Farm bill deal could mean $9B food stamp cut
By Ed O'Keefe
The Washington Post
WASHINGTON — Negotiations are almost complete on a long-overdue farm bill that will set new spending levels for the federal food stamp program and add yet another wrinkle to the national debate over income inequality as Congress mulls how to help unemployed and lowwage workers.
Leaders of the House and Senate agriculture committees had planned to announce a deal on a new multiyear farm bill Wednesday, but aides familiar with the talks said any such announcement may be pushed into next week because of differences about price controls on the nation’s dairy industry.
The delay comes as the Senate is debating a bipartisan proposal to extend unemployment benefits and congressional Democrats prepare for a push to increase the federal minimum wage.
Whenever the agreement is reached, as expected, it will be “one of the bipartisan highlights” of the congressional year, Senate Agriculture Committee Chairman Debbie Stabenow, D-Mich., told reporters this week.

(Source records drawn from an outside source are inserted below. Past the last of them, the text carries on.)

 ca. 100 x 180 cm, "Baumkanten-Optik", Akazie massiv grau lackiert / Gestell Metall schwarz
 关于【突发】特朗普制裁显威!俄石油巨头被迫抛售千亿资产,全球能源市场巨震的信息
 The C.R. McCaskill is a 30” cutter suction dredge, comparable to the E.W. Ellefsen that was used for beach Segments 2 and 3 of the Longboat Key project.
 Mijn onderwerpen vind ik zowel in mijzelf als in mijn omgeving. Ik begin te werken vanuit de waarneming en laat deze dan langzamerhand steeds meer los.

The farm bill affects roughly 16 million agricultural sector jobs nationwide, but most of the measure’s costs are tied to food stamps to help poor families.
Plans call for eliminating about $9 billion in funding for food stamps — formally known as the Supplemental Nutrition Assistance Program — over the next decade, according to several aides familiar with the negotiations who are not authorized to speak publicly about the details.
The cuts are a compromise between a proposed $4 billion reduction approved by the Democratic-led Senate in June and nearly $40 billion in cuts approved by the GOP-controlled House as Republicans sought to overhaul eligibility requirements for SNAP.
Aides said House and Senate lawmakers sought cuts to SNAP by focusing on what they call the “heatand-eat” loophole.
In more than a dozen states and the District of Columbia, the level of assistance provided to some SNAP beneficiaries is tied to eligibility for the federal Low Income Home Energy Assistance Program. Such payments are usually made to apartment dwellers whose utility costs are included in monthly rent payments. In order to keep such low-income residents from choosing in winter months between paying a heating bill or buying groceries, the states provide minimal LIHEAP payments, often as low as $1, making them eligible for higher SNAP payments.